▶ **Provided data**:

+ + + + + + +

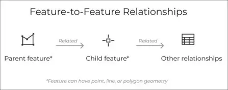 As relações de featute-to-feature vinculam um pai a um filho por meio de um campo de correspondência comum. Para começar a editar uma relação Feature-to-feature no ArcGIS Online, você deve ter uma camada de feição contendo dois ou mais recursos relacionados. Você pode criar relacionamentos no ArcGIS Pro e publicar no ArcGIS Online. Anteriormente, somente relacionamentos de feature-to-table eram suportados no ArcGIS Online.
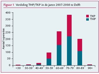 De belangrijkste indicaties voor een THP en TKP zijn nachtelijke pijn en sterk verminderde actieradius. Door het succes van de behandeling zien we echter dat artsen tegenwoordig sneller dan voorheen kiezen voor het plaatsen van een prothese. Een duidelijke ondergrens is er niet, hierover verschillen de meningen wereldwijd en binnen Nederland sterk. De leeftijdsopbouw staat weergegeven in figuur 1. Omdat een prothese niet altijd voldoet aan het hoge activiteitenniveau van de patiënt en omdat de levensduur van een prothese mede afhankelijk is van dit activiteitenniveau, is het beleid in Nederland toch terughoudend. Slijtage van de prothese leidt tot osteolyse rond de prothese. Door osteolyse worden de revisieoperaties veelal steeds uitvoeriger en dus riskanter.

+ + + + + + +

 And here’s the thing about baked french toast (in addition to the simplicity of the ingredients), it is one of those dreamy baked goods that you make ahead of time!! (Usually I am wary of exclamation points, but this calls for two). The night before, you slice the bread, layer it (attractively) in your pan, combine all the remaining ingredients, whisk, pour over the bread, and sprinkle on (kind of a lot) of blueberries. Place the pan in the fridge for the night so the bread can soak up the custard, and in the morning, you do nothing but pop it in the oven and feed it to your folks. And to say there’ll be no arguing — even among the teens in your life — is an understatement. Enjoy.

+ + + + + + +

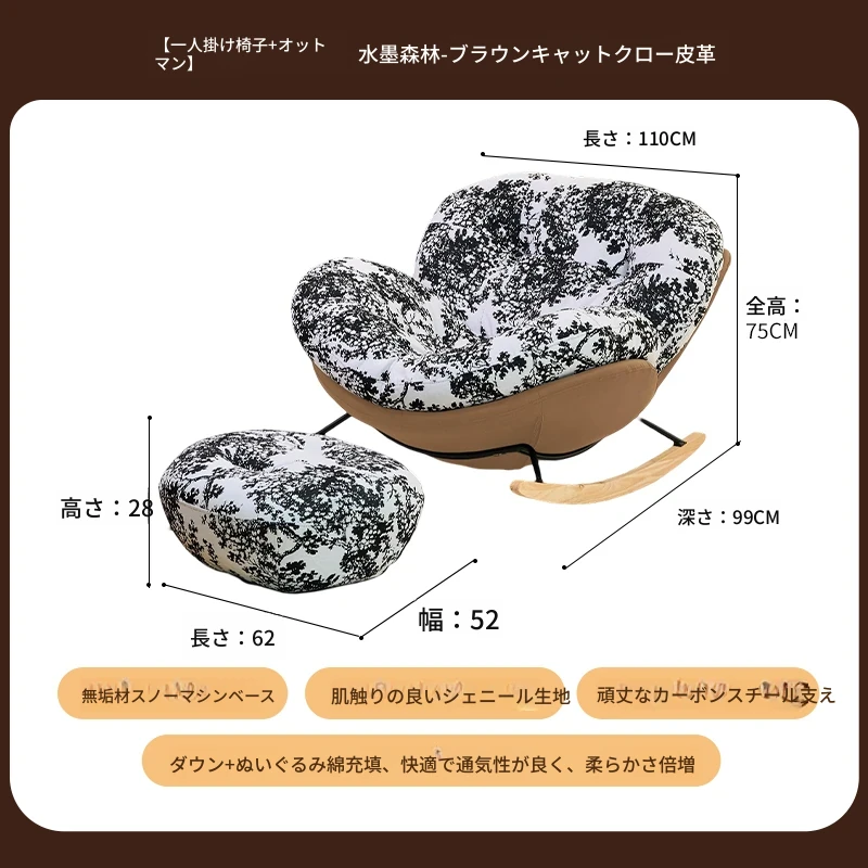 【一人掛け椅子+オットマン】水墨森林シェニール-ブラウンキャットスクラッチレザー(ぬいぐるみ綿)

+ + + + + + +

▶ **Directions for this task**:
Give again the stretch of lines above from the one with "As relações de" through the one with "De belangrijkste indicaties", both ends kept, and copy no pictures.

▶ **Task response**:
 As relações de featute-to-feature vinculam um pai a um filho por meio de um campo de correspondência comum. Para começar a editar uma relação Feature-to-feature no ArcGIS Online, você deve ter uma camada de feição contendo dois ou mais recursos relacionados. Você pode criar relacionamentos no ArcGIS Pro e publicar no ArcGIS Online. Anteriormente, somente relacionamentos de feature-to-table eram suportados no ArcGIS Online.
 De belangrijkste indicaties voor een THP en TKP zijn nachtelijke pijn en sterk verminderde actieradius. Door het succes van de behandeling zien we echter dat artsen tegenwoordig sneller dan voorheen kiezen voor het plaatsen van een prothese. Een duidelijke ondergrens is er niet, hierover verschillen de meningen wereldwijd en binnen Nederland sterk. De leeftijdsopbouw staat weergegeven in figuur 1. Omdat een prothese niet altijd voldoet aan het hoge activiteitenniveau van de patiënt en omdat de levensduur van een prothese mede afhankelijk is van dit activiteitenniveau, is het beleid in Nederland toch terughoudend. Slijtage van de prothese leidt tot osteolyse rond de prothese. Door osteolyse worden de revisieoperaties veelal steeds uitvoeriger en dus riskanter.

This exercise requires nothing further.